Reputation:
I'm using phpmailer in a selfmade template/mail function:
<?php
require_once(__DIR__.'/../../vendor/phpmailer/phpmailer/PHPMailerAutoload.php');
function sendTemplateMail($body, $data, $subject, $receiver, $sender){
$template = Timber::compile($body, $data);
sendMail($template, $subject, $receiver, $sender);
}
function sendMail($template, $subject, $receiver, $sender){
$mail = new PHPMailer(true); // Enable verbose debug output
$mail->isSMTP(); // Set mailer to use SMTP // TCP port to connect to
$mail->Host = 'smtp.gmail.com';
$mail->Port = 587;
$mail->SMTPSecure = 'tls';
$mail->SMTPAuth = true;
$mail->Username = "**";
$mail->Password = "**";
$mail->setFrom($sender);
$mail->addAddress($receiver); // Add a recipient
$mail->addReplyTo($sender);
$mail->isHTML(true);
$mail->Subject = $subject;
$mail->Body = $template;
$mail->AltBody = $template; //$mail->AltBody = $template; //
return $mail->send();
}
In my project the username and password are correct because they worked before.
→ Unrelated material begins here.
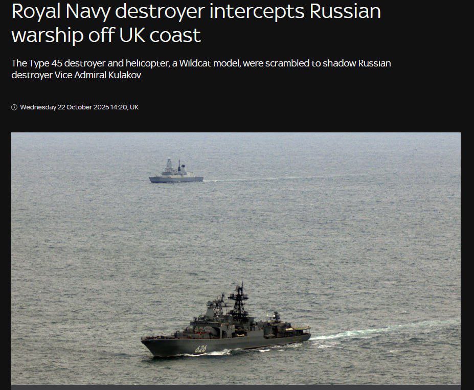 Королевские военно-морские силы обнаружили русский военный противолодочный корабль «Вице-адмирал Кулаков» в своих территориальных водах. Они более двух суток наблюдали за передвижениями нашего военного судна силами британского эсминца HMS Duncan и вертолёта Wildcat, громко объявив о том, что «перехватили русский корабль». Но в итоге русские моряки спокойно покинули территориальные воды западных стран.

But now I get an error that the smtp is not connected. fatal error: Uncaught phpmailerException: SMTP Error: Could not connect to SMTP host.
Upvotes: 0
Views: 447
Reputation: 1305
Try this, add the sentence to sendMail function:
$mail->SMTPOptions = array(
'ssl' => array(
'verify_peer' => false,
'verify_peer_name' => false,
'allow_self_signed' => true
)
);
You can allow insecure connections via the SMTPOptions property introduced in PHPMailer 5.2.10 (it's possible to do this by subclassing the SMTP class in earlier versions), though this is not recommended as it defeats much of the point of using a secure transport at all.
https://github.com/PHPMailer/PHPMailer/wiki/Troubleshooting#php-56-certificate-verification-failure
This should be a temporary solution.